Evolutionary Computation for Feature Selection and Instance Selection in Large-Scale Classification

Classification is one of the most important tasks in real-world applications such as medical diagnosis, speech recognition, and object recognition. A small error in classification process can have a huge impact (e.g. inaccurate classification of disease can kill a patient, inaccurate classification of objects by a missile control system might miss enemy's aircraft, etc.). However, many classification tasks involve a large number of features and instances, where existing classification techniques take a long time to train a classifier and achieve poor classification performance. Solving such tasks typically requires feature selection and/or instance selection as a pre-processing step to reduce the size of the data. This project focus on developing new feature selection algorithms based evolutionary computation techniques. The following objectives will be considered in this project (1) develop a new evolutionary feature selection algorithm to select a small subset of informative features to reduce the dimensionality of the data, (2) develop a new evolutionary instance selection algorithm to select a small set representative instances to describe the task, (3) propose a new evolutionary feature and instance selection approach that can reduce the size of the data, improve the representation power of the data, increase the classification accuracy and speed up the processing time.

Good programming skills, background and experience in evolutionary computation, and classification will be preferred. It is also desirable if you have already completed COMP307 This project will be co-supervised with Prof. Mengjie Zhang. Please check http://ecs.victoria.ac.nz/Main/BingXue, and http://ecs.victoria.ac.nz/Groups/ECRG/ for publications and other information.

Evolutionary Transfer Learning for Data Mining

One of the major differences between traditional Machine Learning and that of human learning is our innate ability to transfer knowledge from one problem domain to another problem domain. Human learners appear to have inherent ways to transfer knowledge between tasks. That is, we recognise and apply relevant knowledge from previous learning experiences when we encounter new tasks. The more related a new task is to our previous experience, the more easily we can master it. Common machine learning algorithms, in contrast, traditionally address isolated tasks, and must complete a learning process from scratch on a new task. Transfer learning is ``the ability of a system to recognise and apply knowledge and skills learned in previous tasks to novel tasks'', with the goals of increasing the fitness of the obtained model on the target domain and decreasing the computational effort required to train the target model, even in the face of limited or no labelled data in the target domain.

Evolutionary Computation (EC) based learning and optimisation has shown proming performance for data mining.

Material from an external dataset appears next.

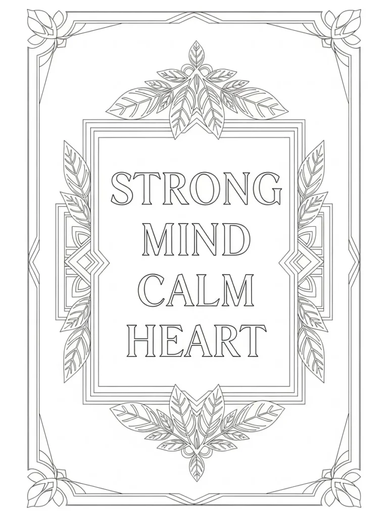 This adult coloring page features the centered affirmation Strong Mind Calm Heart set inside a clean geometric frame with layered borders and leafy accents at the corners. The design feels structured and refined, with symmetrical lines and repeating shapes that give it a calm balanced look. Delicate leaves soften the straight edges and add a gentle natural touch. The line work is clean and medium thin, making the frame satisfying to color while keeping the words clear and easy to focus on.

EC approaches like genetic programming has shown it potential for transfer learning in since it is able to automatically generate computer programs for solving a given task. Since GP is problem-independent and has a flexible representation, GP provides a nature way of automatically finding useful knowledge/information during the learning or evolutionary process, which is called building blocks, extracted knowledge or blocks of knowledge (shown by a sub-tree). Meanwhile, GP and other EC methods such as particle swarm optimisation has shown sucess in feature selection or construction in traditional machine learning, and feature transformation is a major way to talke transfer learning, but such evolutionary feature transformation methods have not been investiagted in transfer learning.

This project focuses mainly on developing new evolutionary computation approaches to transfer learning. The following objectives will be considered in this project (1) develop a method for discover useful knowledge or building block for transfer learning from the source domain, (2) develop a new mechanism to find the shared information represented by features between the source and target domain, and (3) develop methods on when to transfer and how to transfer the identified knowledge in the target domain. The proposed approaches are expected to provide an good initialisation of the target domain learning, a faster convergence, and a better final accuracy in the target domain learning. Good programming skills, background and experience in evolutionary computation, and classification will be preferred. It is also desirable if you have already completed COMP307

This project will be co-supervised with Prof. Mengjie Zhang. Please check http://ecs.victoria.ac.nz/Main/BingXue, and http://ecs.victoria.ac.nz/Groups/ECRG/ for publications and other information.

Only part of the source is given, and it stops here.